Task description
Before you return the entries below, strip out the pictures and keep all else exact.

Dataset
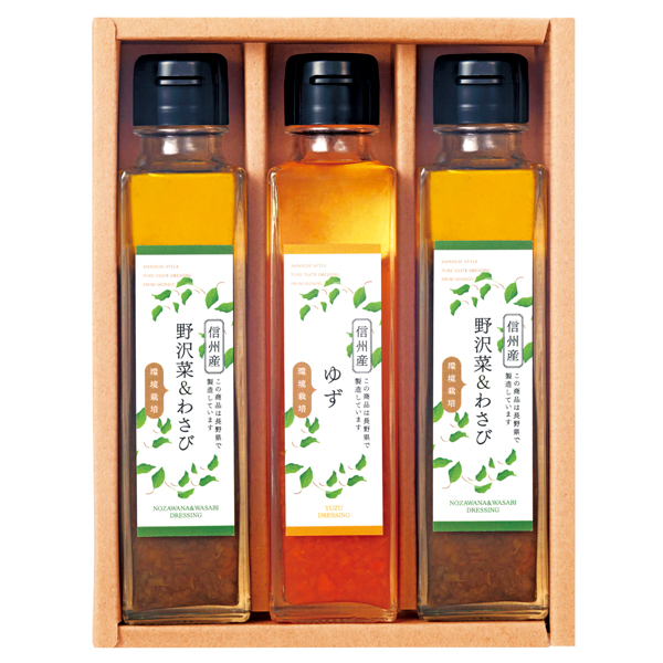 (野沢菜&わさびドレッシング×2・ゆずドレッシング)各150mL 【小麦】
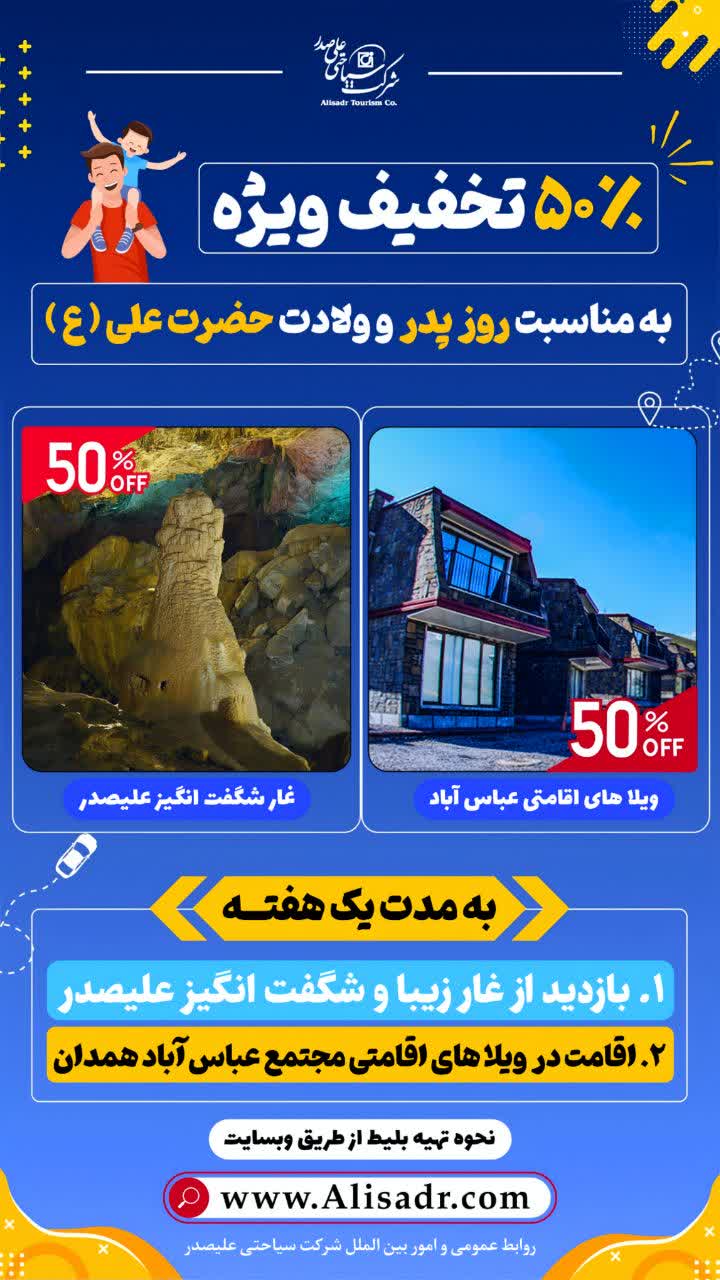به مناسبت گرامیداشت روز پدر و ولادت حضرت علی(ع)، بازدید از غار شگفتانگیز علیصدر و اقامت در ویلاهای سنگی بام همدان با تخفیف ویژه ارائه میشود.
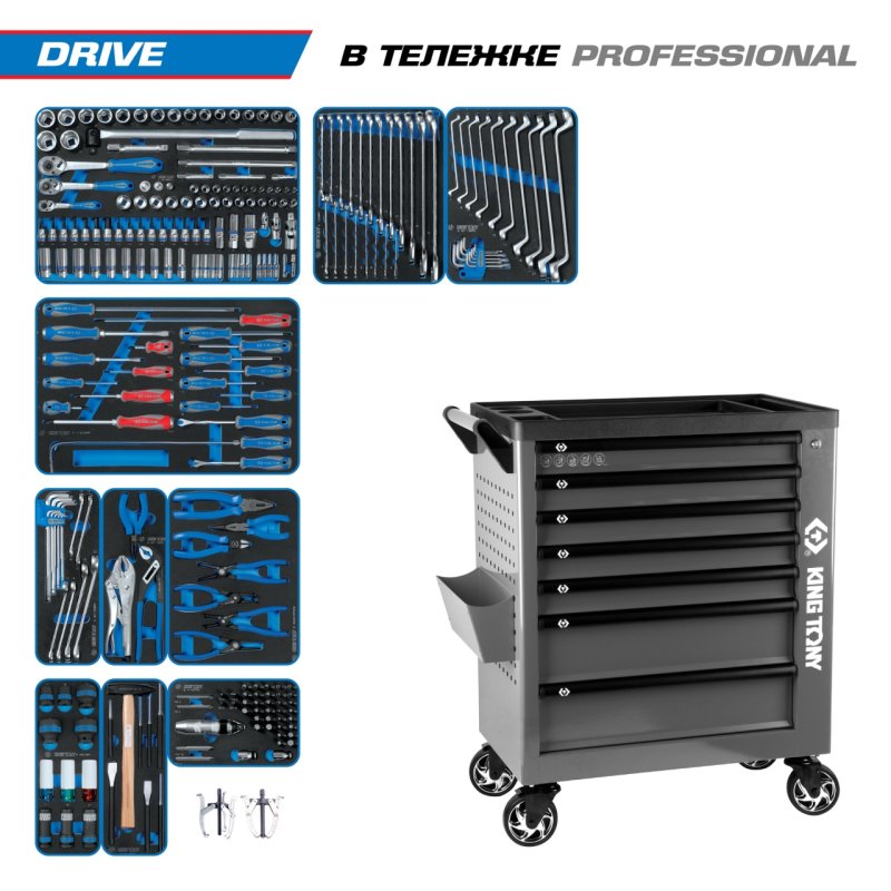 Набор инструментов 251 предмет, "DRIVE", в серой тележке KING TONY 9G38-251MRVG купить в Уфе цена ✅ - Все для СТО
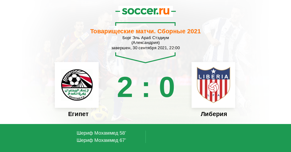 Протокол матча Египет против Либерия
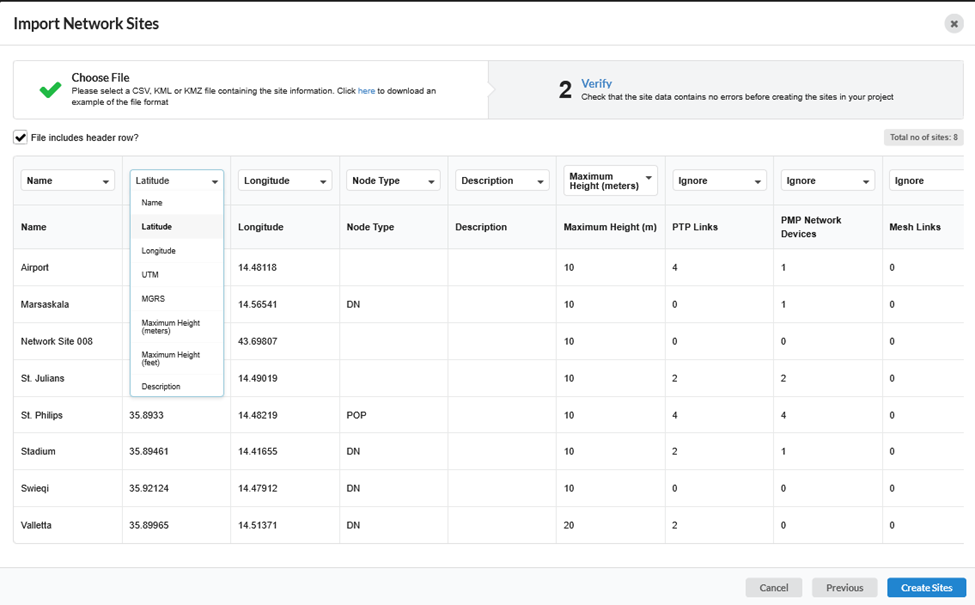 Importing your site data into LINKPlanner just got a lot more flexible! We have added new column selection options to the site CSV import process. This means you can bypass the hassle of strictly formatting your spreadsheets before importing. Simply upload your CSV file and use the options to choose exactly which columns correspond to your site details (such as Name, Latitude, and Longitude).
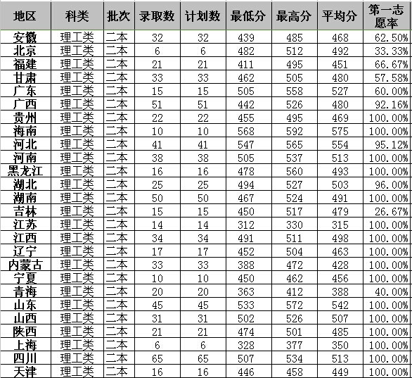 西南林業(yè)大學(xué)2014年全國(guó)各省份理工類文史類錄取情況表
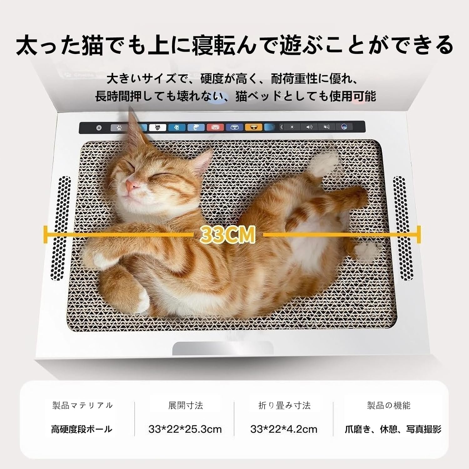 折りたたみ可能なデザイン、スペースを保存:ラップトップキャットスクラッチボードスクリーンを折りたたむと、スペースを占有することなく完全に平らな猫スクラッチボードを形成できます
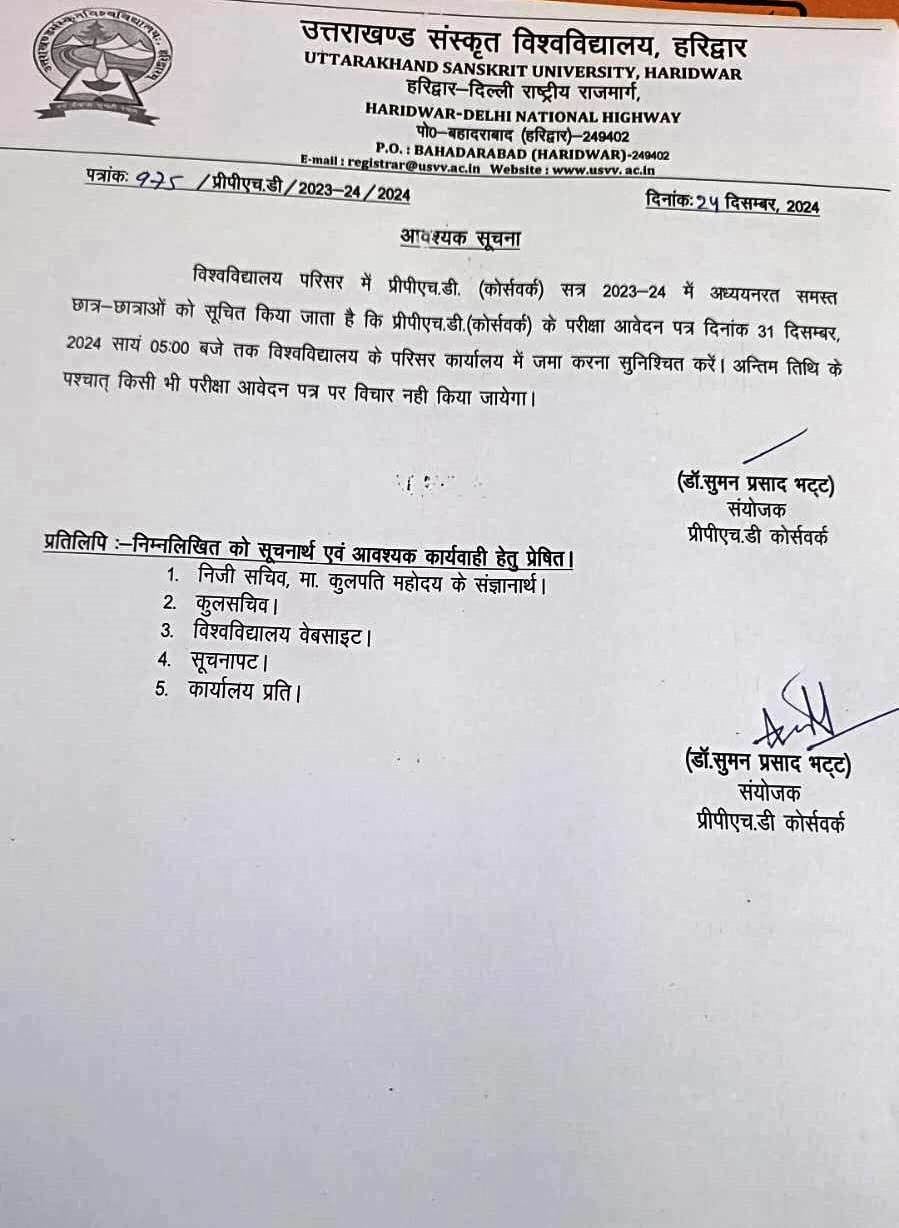 प्री-पीएच.डी. (कोर्सवर्क) के परीक्षा आवेदन पत्र के संबंध में आवश्यक सूचना
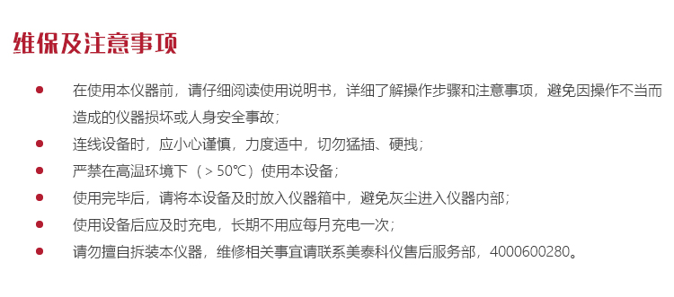 l 請勿擅自拆裝本儀器,維修相關事宜請聯系美泰科儀售后服務部,4000600280。
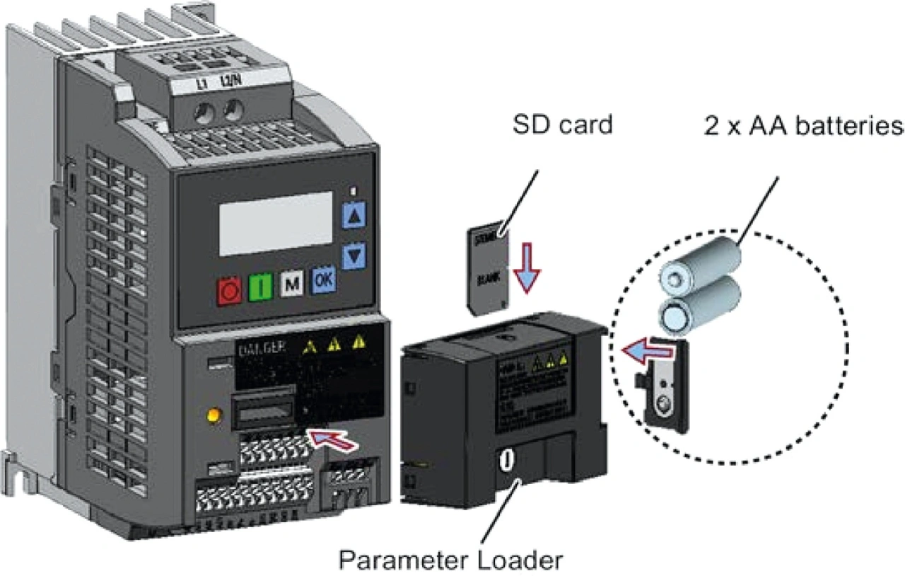 Sobald die Parametersätze komplett sind, kann ein Parameterlader Parametersätze von der V20 auf eine SD-Karte schreiben oder von der SD-Karte in die V20 lesen. Der Parameterlader und die SD-Karte können zum Klonen von Parametersätzen über mehrere Steuereinheiten hinweg verwendet werden. Die Parameter lassen sich in die Steuereinheiten herunterladen, noch bevor diese in die Fabrikhalle geliefert werden, was den gesamten Inbetriebnahmeprozess weiter beschleunigt und den Bedarf an technischer Unterstützung reduziert.
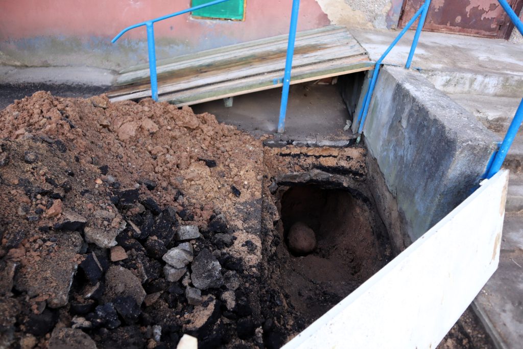 Проблемный подвал оградили лентой. Здесь начались работы по ремонту канализации.
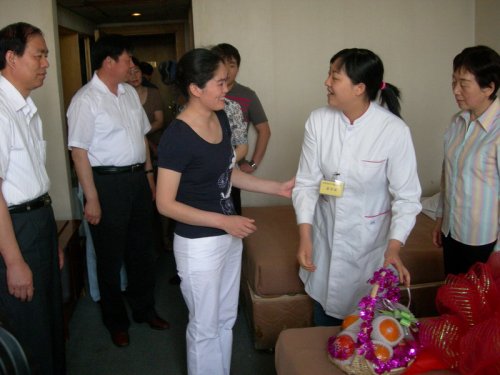 5月20日,市委常委、市委宣传部部长耿玲,副市长杜长平,市政协副主席、市政府秘书长李子鹏,在市卫生局局长曹化之、市二院院长葛阳的陪同下,看望慰问了5月9日前来支援我市手足口病救治工作的重庆医疗队四川省北川籍队员王黎护师,耿玲部长对她把家乡亲人的牵挂深深埋在心底,依然坚守在我市救治一线的爱岗敬业和舍己为人、无私援助精神给予了高度评价和诚挚谢意,并代表市几大班子和阜阳人民对王黎的家乡四川地震灾区受难的同胞,表示慰问和各种援助。
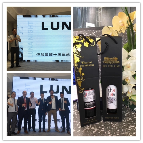 2018年4月18日晚上,“LUNA之夜--伊加國際十周年感恩答謝盛宴”在伊加國際現代極簡概念館隆重舉行,當天晚上伊加國際首席執行官、董事總經理朱偉峰先生、伊加國際總經理助理、市場總監朱國平先生、伊加國際商學院院長梁紹棟先生、伊加國際紅酒事業部總經理梁順漢先生、伊加國際全體員工、全體歐洲廠商代表戰略伙伴們及經銷商伙伴們、媒體朋友們齊聚一堂,共襄盛典,共同見證了伊加國際十年的發展歷程和品牌規劃。
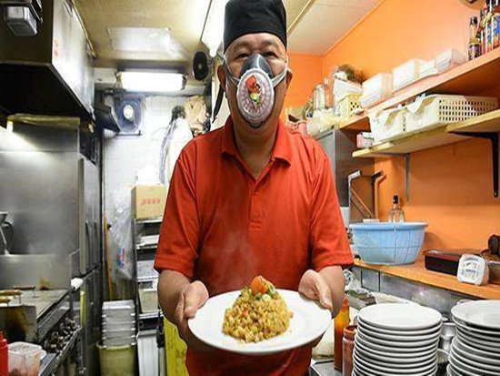 就连59岁店主長縄慶三在料理「死神炒饭」时都要戴着口罩,以免被呛到。
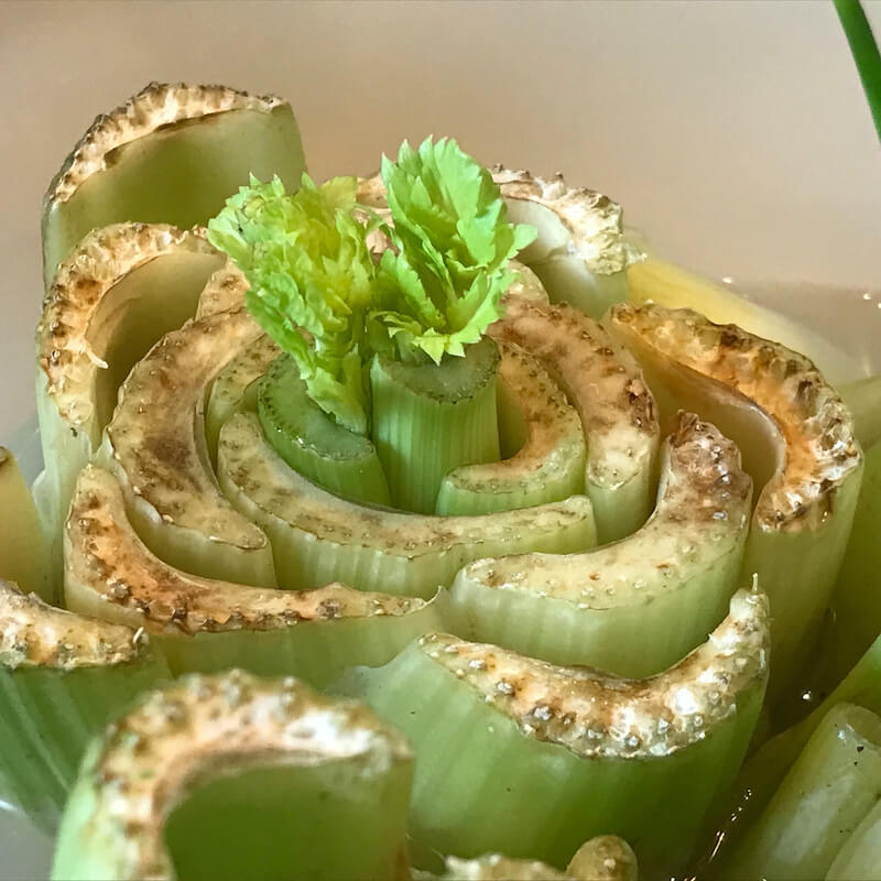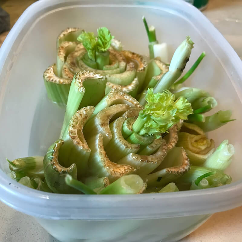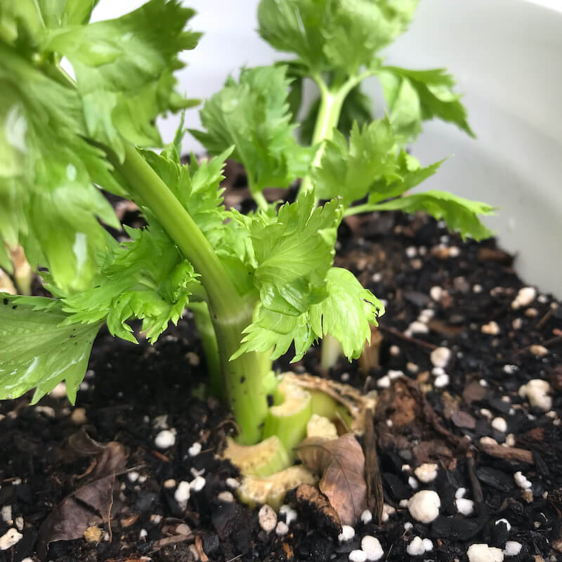- When sprouts and new roots begin to appear, it is time to transplant the celery bottoms.

Answer to this task
 (野沢菜&わさびドレッシング×2・ゆずドレッシング)各150mL 【小麦】
به مناسبت گرامیداشت روز پدر و ولادت حضرت علی(ع)، بازدید از غار شگفتانگیز علیصدر و اقامت در ویلاهای سنگی بام همدان با تخفیف ویژه ارائه میشود.
 Набор инструментов 251 предмет, "DRIVE", в серой тележке KING TONY 9G38-251MRVG купить в Уфе цена ✅ - Все для СТО
 Протокол матча Египет против Либерия
 Importing your site data into LINKPlanner just got a lot more flexible! We have added new column selection options to the site CSV import process. This means you can bypass the hassle of strictly formatting your spreadsheets before importing. Simply upload your CSV file and use the options to choose exactly which columns correspond to your site details (such as Name, Latitude, and Longitude).
 西南林業(yè)大學(xué)2014年全國(guó)各省份理工類文史類錄取情況表
 折りたたみ可能なデザイン、スペースを保存:ラップトップキャットスクラッチボードスクリーンを折りたたむと、スペースを占有することなく完全に平らな猫スクラッチボードを形成できます
 प्री-पीएच.डी. (कोर्सवर्क) के परीक्षा आवेदन पत्र के संबंध में आवश्यक सूचना
 l 請勿擅自拆裝本儀器,維修相關事宜請聯系美泰科儀售后服務部,4000600280。
 Sobald die Parametersätze komplett sind, kann ein Parameterlader Parametersätze von der V20 auf eine SD-Karte schreiben oder von der SD-Karte in die V20 lesen. Der Parameterlader und die SD-Karte können zum Klonen von Parametersätzen über mehrere Steuereinheiten hinweg verwendet werden. Die Parameter lassen sich in die Steuereinheiten herunterladen, noch bevor diese in die Fabrikhalle geliefert werden, was den gesamten Inbetriebnahmeprozess weiter beschleunigt und den Bedarf an technischer Unterstützung reduziert.
 Проблемный подвал оградили лентой. Здесь начались работы по ремонту канализации.
 5月20日,市委常委、市委宣传部部长耿玲,副市长杜长平,市政协副主席、市政府秘书长李子鹏,在市卫生局局长曹化之、市二院院长葛阳的陪同下,看望慰问了5月9日前来支援我市手足口病救治工作的重庆医疗队四川省北川籍队员王黎护师,耿玲部长对她把家乡亲人的牵挂深深埋在心底,依然坚守在我市救治一线的爱岗敬业和舍己为人、无私援助精神给予了高度评价和诚挚谢意,并代表市几大班子和阜阳人民对王黎的家乡四川地震灾区受难的同胞,表示慰问和各种援助。
 2018年4月18日晚上,“LUNA之夜--伊加國際十周年感恩答謝盛宴”在伊加國際現代極簡概念館隆重舉行,當天晚上伊加國際首席執行官、董事總經理朱偉峰先生、伊加國際總經理助理、市場總監朱國平先生、伊加國際商學院院長梁紹棟先生、伊加國際紅酒事業部總經理梁順漢先生、伊加國際全體員工、全體歐洲廠商代表戰略伙伴們及經銷商伙伴們、媒體朋友們齊聚一堂,共襄盛典,共同見證了伊加國際十年的發展歷程和品牌規劃。
 就连59岁店主長縄慶三在料理「死神炒饭」时都要戴着口罩,以免被呛到。
- When sprouts and new roots begin to appear, it is time to transplant the celery bottoms.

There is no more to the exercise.